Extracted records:
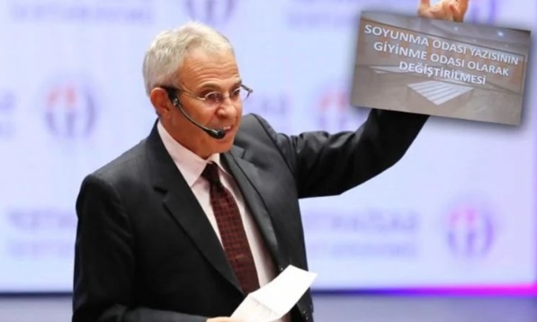 Sözcü’den Ahmet Kaya’nın haberine göre, Özaydın, kent protokolünün yanı sıra, çok sayıda öğrencinin doldurduğu salonda bir sunum yaptı. Sunum sırasında ekrana, “Soyunma Odası Yazısının Giyinme Odası olarak Değiştirilmesi” yazısı yansıtıldı.
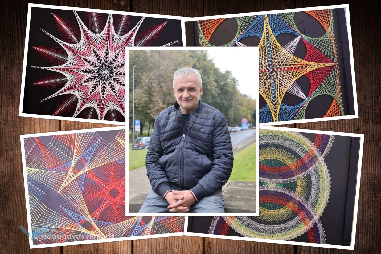 Ilūkstes Kultūras un mākslas centrā var aplūkot Vitālija Kaušeļa darbu izstādi – neparastas gleznas, veidotas no naglām un krāsainiem diegiem uz koka pamatnes. Šo rokdarbu tehniku, sauktu par stīgu mākslu, Vitālijs apguvis pavisam nesen, sākoties pandēmijai, un jautri to sauc par Covid paveidu. “Kādu brīdi strādāt nevarēja, vajadzēja ar kaut ko nodarboties,” tā savu pievēršanos mākslai skaidro Vitālijs. Pati tehnika neesot viņa izdomāta, bet gan uzieta Pinterest tīmekļa vietnē. Patiesībā stīgu māksla izgudrota Anglijā gandrīz pirms četriem gadsimtiem, izmantojot parastās naglas, diegus un veidojot uz dēļiem dekoratīvus rakstus. Ar laiku senā aušanas tehnika tika pilnveidota un kļuvusi populāra pasaulē.
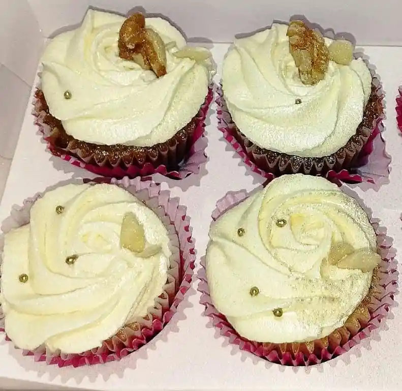 Delicioso cupcakes de zanahoria con banano ciruela pasas y nueces. Decorado con crema de queso. caja x 4
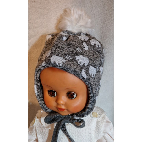Dětská zimní čepice s bambulkou. Potisk - lední medvědi a lišky. Dvouvrstvé provedení a šňůrky. Materiál: 100% polyester .
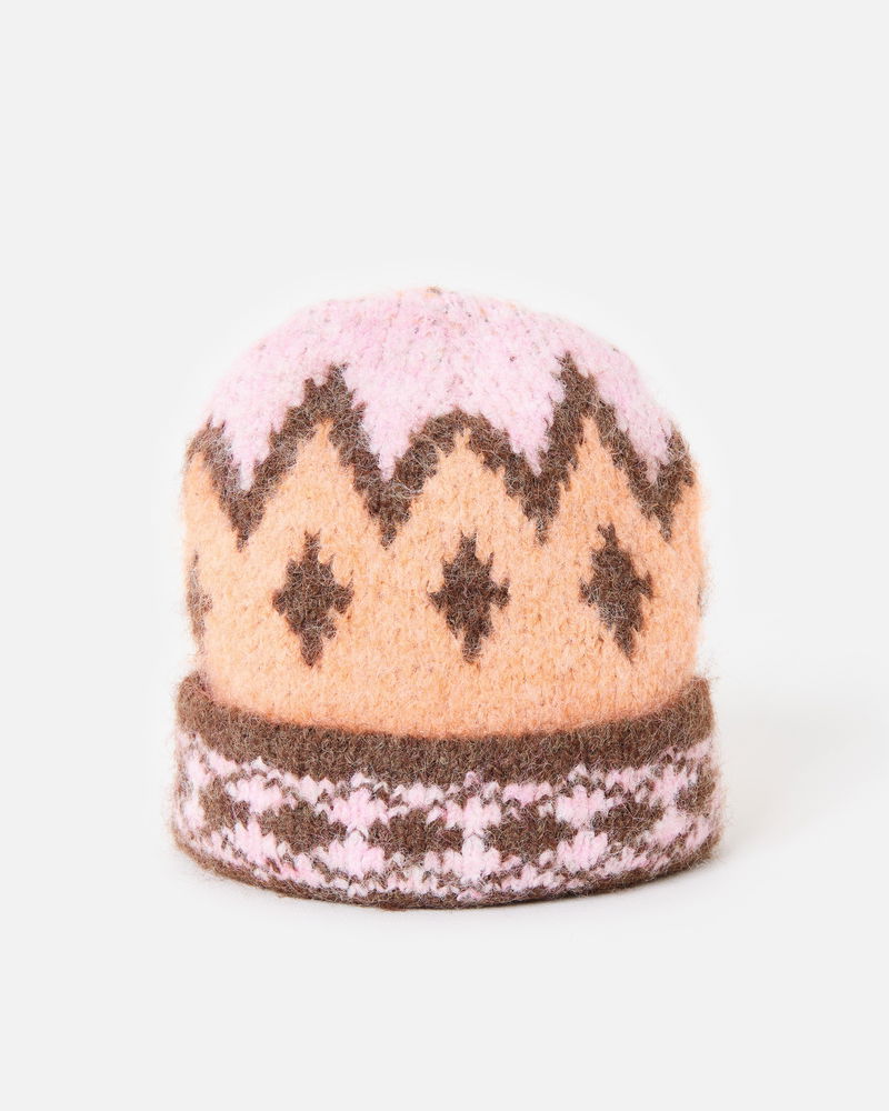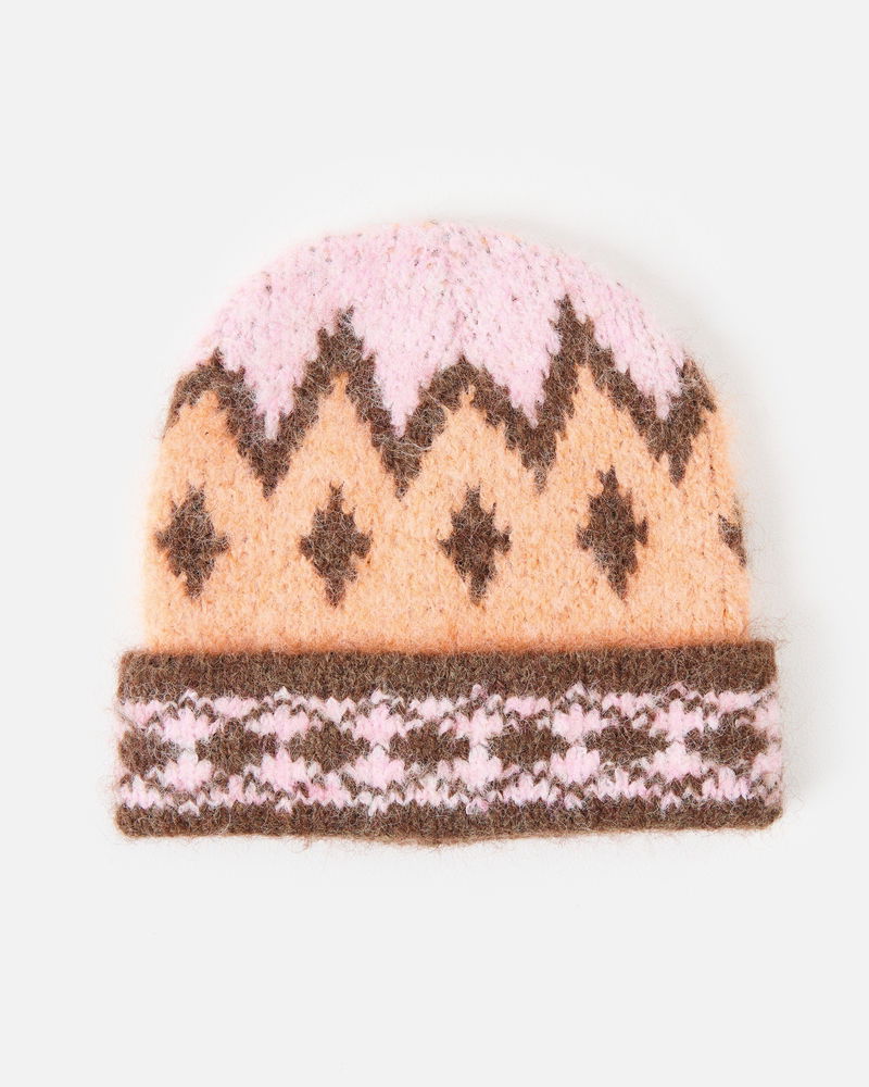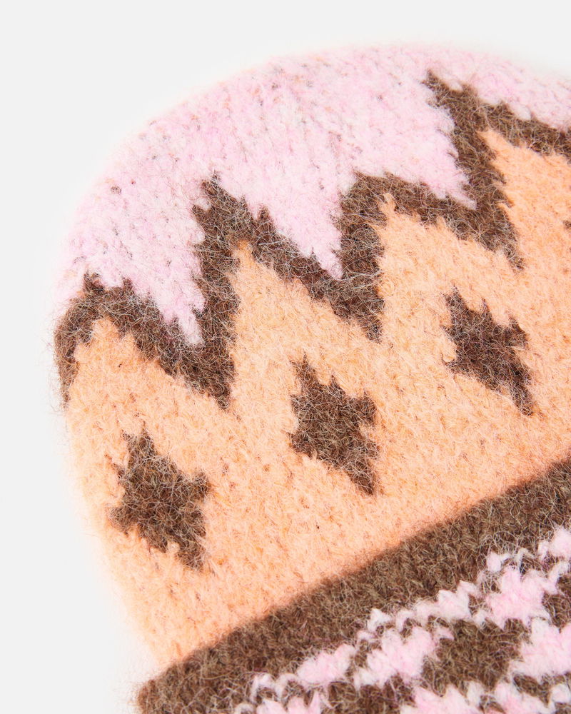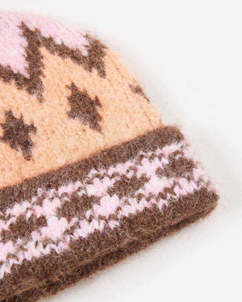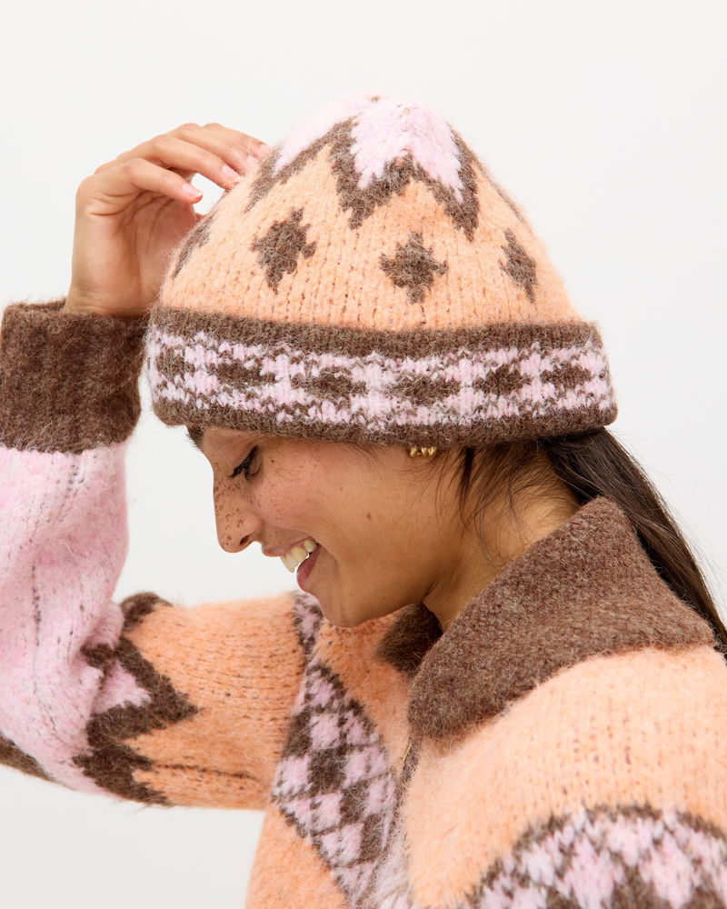 Peach & Brown Fair Isle Knitted Beanie Hat

TASK TO CARRY OUT
At the line containing "Delicioso cupcakes de", begin reproducing the entries word for word, and continue through their last line. Leave out the pictures.

OUTPUT OF THE EXERCISE
 Delicioso cupcakes de zanahoria con banano ciruela pasas y nueces. Decorado con crema de queso. caja x 4
Dětská zimní čepice s bambulkou. Potisk - lední medvědi a lišky. Dvouvrstvé provedení a šňůrky. Materiál: 100% polyester .
 Peach & Brown Fair Isle Knitted Beanie Hat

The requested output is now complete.